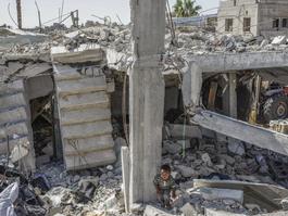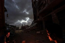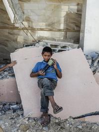 PALESTINE. Gaza. 2014. A child in the ruins of his home in the...
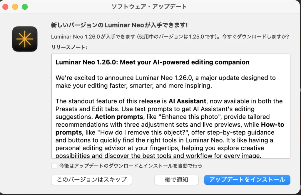 私のLuminar NEOを起動したらアップデート通知があり、早速実施しました。
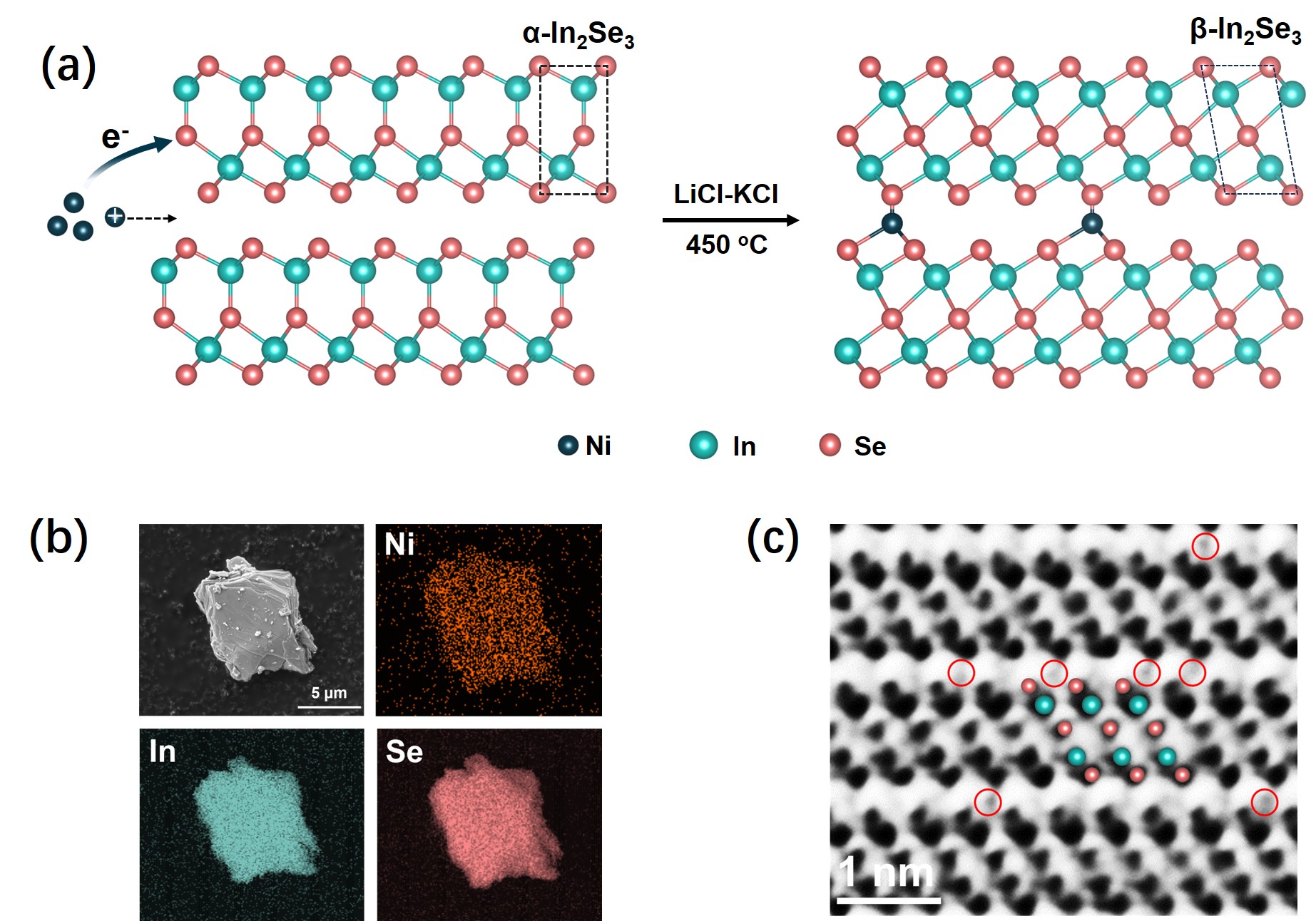 图1 (a)Ni原子插层In2Se3过程示意图;(b)扫描电镜和能谱分析显示Ni插层In2Se3样品的形貌和元素分布;(c)高分辨球差电镜显示Ni0.3In2Se3的原子结构,其中Ni原子在In2Se3层间随机分布
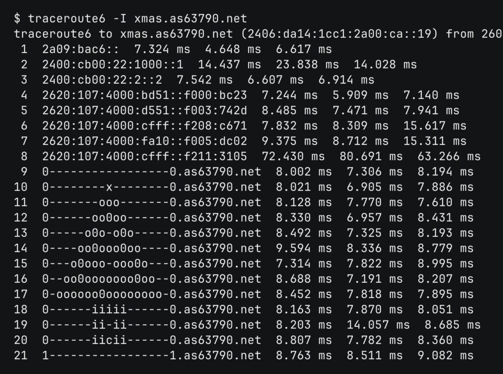 ãã¡ãã§ãã綺éºãªã¯ãªã¹ãã¹ããªãŒãèŠããŸãããIPv6ãããç°å¢ã§ã¯Mac, Linuxãã䜿ãã®æ¹ã¯cliã§ traceroute6 -I xmas.as63790.net (Windowsã¯tracert)ãšã³ãã³ããæã£ãŠããã ããšåçŸå¯èœã§ã(2026幎1æé ãŸã§ã®æééå®å
====
◆ **WHAT IS NEEDED**: Reproduce exactly the lines above from the one with "图1 (a)Ni原子插层In" through the last line of the data, keeping both ends and dropping the pictures.

◆ **ANSWER TO THIS PROBLEM**:
 图1 (a)Ni原子插层In2Se3过程示意图;(b)扫描电镜和能谱分析显示Ni插层In2Se3样品的形貌和元素分布;(c)高分辨球差电镜显示Ni0.3In2Se3的原子结构,其中Ni原子在In2Se3层间随机分布
 ãã¡ãã§ãã綺éºãªã¯ãªã¹ãã¹ããªãŒãèŠããŸãããIPv6ãããç°å¢ã§ã¯Mac, Linuxãã䜿ãã®æ¹ã¯cliã§ traceroute6 -I xmas.as63790.net (Windowsã¯tracert)ãšã³ãã³ããæã£ãŠããã ããšåçŸå¯èœã§ã(2026幎1æé ãŸã§ã®æééå®å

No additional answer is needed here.